Egypt - Karnak Temple



The Karnak Temple comprises a vast mix of ruined temples, chapels, pylons, and other buildings, also known as the great Temple of Amun; Construction begun by Pharaoh Ramses II (ca. 1391–1351 BC) and was added to by virtually every Pharaoh for the next thirteen centuries. It is located near Luxor, about 300 miles south of Cairo. The Karnak complex takes its name from the nearby village of el-Karnak just north of Luxor.


For the largely uneducated ancient Egyptian population this Temple could only have been the place of the gods. It is the mother of all religious buildings, the largest ever made and a place of pilgrimage for nearly 4,000 years. Although todays pilgrims are mainly tourists. It covers about 200 acres.


Entrance to Karnak
The huge, intricate, carved pillars of the great Hypostyle Hall.
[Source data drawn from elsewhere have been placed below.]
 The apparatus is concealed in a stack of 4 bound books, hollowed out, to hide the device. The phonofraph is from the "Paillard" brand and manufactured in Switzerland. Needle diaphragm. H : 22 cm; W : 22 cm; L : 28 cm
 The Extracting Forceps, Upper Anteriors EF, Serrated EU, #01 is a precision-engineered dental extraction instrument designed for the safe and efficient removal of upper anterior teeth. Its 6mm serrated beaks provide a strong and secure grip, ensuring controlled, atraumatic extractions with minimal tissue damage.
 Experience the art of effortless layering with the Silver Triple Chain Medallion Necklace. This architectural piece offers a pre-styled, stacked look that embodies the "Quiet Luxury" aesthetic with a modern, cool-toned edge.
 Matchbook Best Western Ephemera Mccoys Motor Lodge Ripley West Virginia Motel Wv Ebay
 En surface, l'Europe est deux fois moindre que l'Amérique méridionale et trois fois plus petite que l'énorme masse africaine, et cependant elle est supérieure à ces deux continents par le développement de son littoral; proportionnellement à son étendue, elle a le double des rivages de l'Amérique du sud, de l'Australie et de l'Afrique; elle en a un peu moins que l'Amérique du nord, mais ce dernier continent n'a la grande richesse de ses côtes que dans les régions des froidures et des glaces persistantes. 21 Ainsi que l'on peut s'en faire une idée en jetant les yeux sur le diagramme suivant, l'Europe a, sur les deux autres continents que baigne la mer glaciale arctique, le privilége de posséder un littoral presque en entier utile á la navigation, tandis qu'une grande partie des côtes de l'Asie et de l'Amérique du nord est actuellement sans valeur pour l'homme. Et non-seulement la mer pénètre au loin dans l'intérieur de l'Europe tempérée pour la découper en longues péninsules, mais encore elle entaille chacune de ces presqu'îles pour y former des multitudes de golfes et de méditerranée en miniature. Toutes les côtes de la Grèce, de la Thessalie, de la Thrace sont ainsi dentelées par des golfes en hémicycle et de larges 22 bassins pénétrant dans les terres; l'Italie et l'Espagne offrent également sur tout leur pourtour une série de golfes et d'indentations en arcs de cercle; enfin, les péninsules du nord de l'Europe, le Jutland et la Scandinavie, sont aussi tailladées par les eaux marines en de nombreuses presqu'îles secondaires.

The granite obelisks erected by Hatshepsut at Karnak in the mid fifteen century B.C. to the great god Amun were among the most magnificent ever constructed. She commissioned hundreds of statues of herself and left accounts in stone of her lineage, her titles, her history. On one of her obelisks at Karnak she inscribed: "Now my heart turns this way and that, as I think what the people will say. Those who see my monuments in years to come, and who shall speak of what I have done."


Just one of many statues located at Karnak

Sunday, January 16, 2011

Travel Photo - Yosemite - Cathedral Rock

Our daughter lives in LA so on a trip to visit in 2005, we all went to Yosemite National Park for a few days. As I remembered, it rained most of the time but that made for some great waterfall shots. This one is one: Angel Falls. Beautiful!

Saturday, January 8, 2011

Travel Photo -Hong Kong

Followers of this blog will remember I had a "Photo Of the Week" category, but since I haven't been able to post weekly, I have replaced it with some of my travel photos taken over the past, well, fifty plus years.

I start with on of my favorites: Junk in Hong Kong Harbor, taken in 1982. While I was living in living Hong Kong, I always thought that the Hong Tourist Association would pay someone from China to cruise the harbor periodically so all of the tourist could take this shot and go home and show it to family and friends; the results would be, "Boy, I want to go there and see that"!

Thursday, January 6, 2011

Egypt - Hatshepsut


Jenny and I were fortunate to be able to go to Egypt recently to see some of the amazing ruins and antiquities dating back some 5000 plus years. The Egyptian Government, with the help of many other governments, have done a beautiful job of restoring some of these priceless work of arts: yes works of art.


We saw so many tombs and temples that as I write this, I cannot remember what was what? But Hatshepsut I remember well because its beauty and, well a woman Pharaoh, although not the first; in fact her name means. “noble lady”. Most Egyptologists considered her to be one of the the most successful pharaohs. She ruled for a little more than twenty years in the mid fifteen century BC. It must have been difficult to rule and accepted as a woman, and just maybe that must have been why she depicted herself in many of her surviving images as a man.


Hatshepsut also is credited with being one of the greatest builders of of all the dynasties. The obelisks at Karnak, which I will be posting later, is among tallest and most magnificent ever constructed.

This Hatshepsut mortuary temple at Deir el-Bahri, one of my favorites of the temples that we saw. What a beautiful temple and to think it was built in the around 1460BC.

Close up shots of Hatshepsut; notice the beard!

Jenny and the security people at Hatshepsut!
Just one example of the intricate art work inside the temple.

Large granite sphinx bearing the likeness of the pharaoh Hatshepsut, depicted with the traditional false beard in the Metropolitan Museum.